Suffering comparison

One Sunday afternoon in the autumn of 2021, as pandemic restrictions were relaxing across Spain, Elise cooked lunch for an intimate group of Cuban friends in her apartment in Tarragona. Lareina was the first to arrive, on the dot and elegantly dressed. A middle class Afro-Cuban woman in her mid-fifties from Havana, she had been living in Spain for more than twenty years, still making frequent trips to Cuba in “normal” times. As Elise poured her a glass of wine, Lareina confessed that she had already had an entire bottle of rosé. “Today is my mother’s birthday,” she shared with a smile. And later, “I’d like to visit her as soon as the airports open. But I don’t know when I’ll have the money to make the trip.” As the afternoon progressed, Elise noticed Lareina withdrawing, her energy diminishing, her face downcast, and wondered whether it was more than just the wine that was wearing on her. A few weeks earlier, in the late evening hours on a terrace in one of Tarragona’s central plazas, Elise, Lareina, and Blanca had discussed where one lives better, in Spain or in Cuba. “Here there are possibilities,” they explained, before clarifying together, “We are not happy here, but we have possibilities. We live better, but we pay a price.”

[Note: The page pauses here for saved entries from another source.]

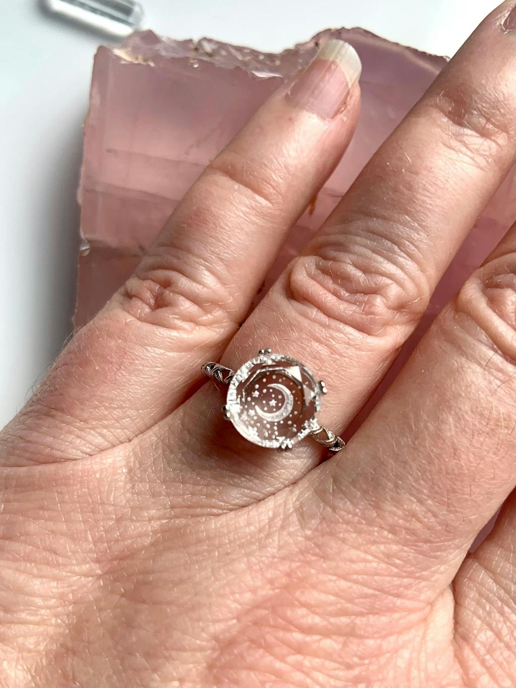 Set in an adjustable sterling silver band, this celestial crystal ring captures the light in a magical way — a timeless adornment for intention-setting, moon rituals, or simply bringing a sense of wonder to your everyday style.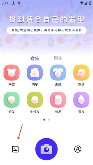 1、启动应用:打开发型师,点击首页的“相册”按钮。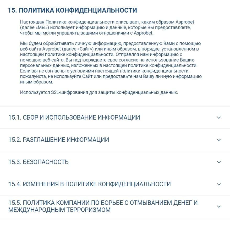 Раздел 15 описывает политику конфиденциальности, которая применяется на сайте букмекера АС Про Бет.

In her critical interrogation of “the promise of happiness”, Ahmed (Citation2010) insightfully distinguishes between our desire for happiness and what we actually desire, noting that “happiness” becomes a stand-in not for what matters, but for what matters to us. Drawing on her insights, we may argue that the question of “to what” exactly one aspires and especially how comparison informs the desire for a subjectively “better” life is frequently left pending by scholars. Expanding on Ahmed (Citation2010), our findings suggest that a “better life” abroad becomes a container within which one encounters disparate desires, incommensurable values, conflicting individual and collective aims, predetermined hierarchies, and societal norms, among other scattered elements which ought not be presupposed. “Where we find happiness teaches us what we value rather than simply what is of value” (Ahmed Citation2010, 13, emphasis added). The journey to discovering what it is that makes us happy requires “opening up the world” (ibid, 70). Migration does just this – but what kind of world awaits those who move, beyond the streets of their neighborhoods, their hometowns, their homelands? Often the pursuit of a “better life” vis-à-vis migration also brings into view much to be unhappy about, including what those who migrate must sacrifice – emotionally and existentially – to undertake the journey.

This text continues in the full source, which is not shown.